[Provided information]
#####
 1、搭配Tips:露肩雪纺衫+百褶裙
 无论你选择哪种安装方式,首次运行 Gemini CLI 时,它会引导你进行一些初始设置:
#####
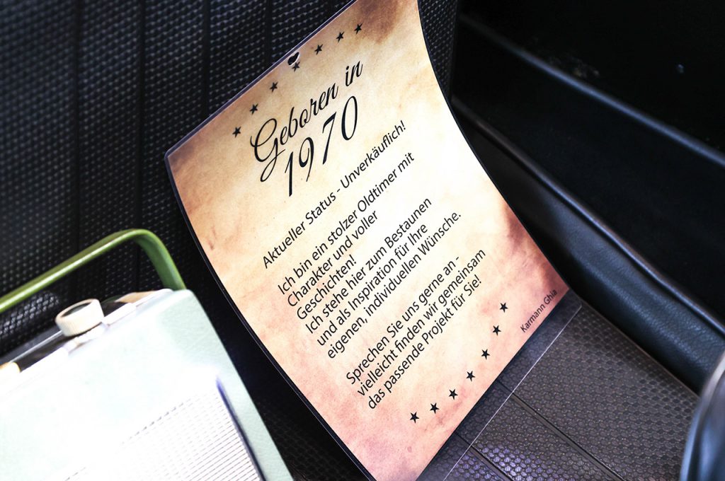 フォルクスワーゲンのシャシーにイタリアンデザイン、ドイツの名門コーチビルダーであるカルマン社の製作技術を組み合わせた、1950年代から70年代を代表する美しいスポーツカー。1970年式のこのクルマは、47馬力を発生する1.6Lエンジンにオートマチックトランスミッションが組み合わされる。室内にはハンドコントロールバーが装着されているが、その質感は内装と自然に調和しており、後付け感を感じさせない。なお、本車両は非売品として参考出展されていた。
#####
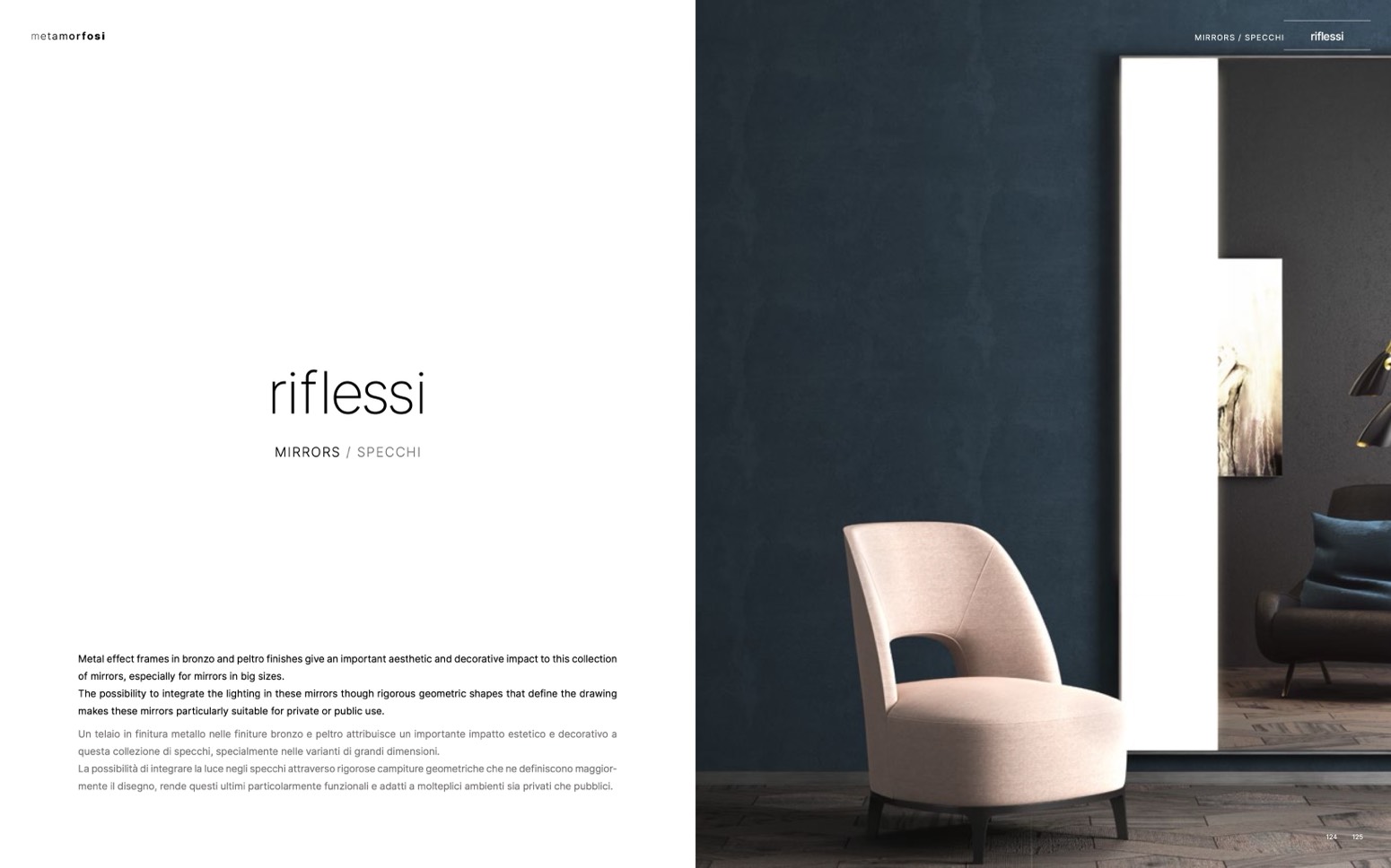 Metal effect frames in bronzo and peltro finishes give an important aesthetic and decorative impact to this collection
#####
[Work to complete] Only the lines above starting at the line that holds "1、搭配Tips:露肩雪纺衫+百褶裙" and ending at the line that holds "无论你选择哪种安装方式,首次运行 Gemini CLI" are to be repeated, exactly and in full.

[Response]
 1、搭配Tips:露肩雪纺衫+百褶裙
 无论你选择哪种安装方式,首次运行 Gemini CLI 时,它会引导你进行一些初始设置:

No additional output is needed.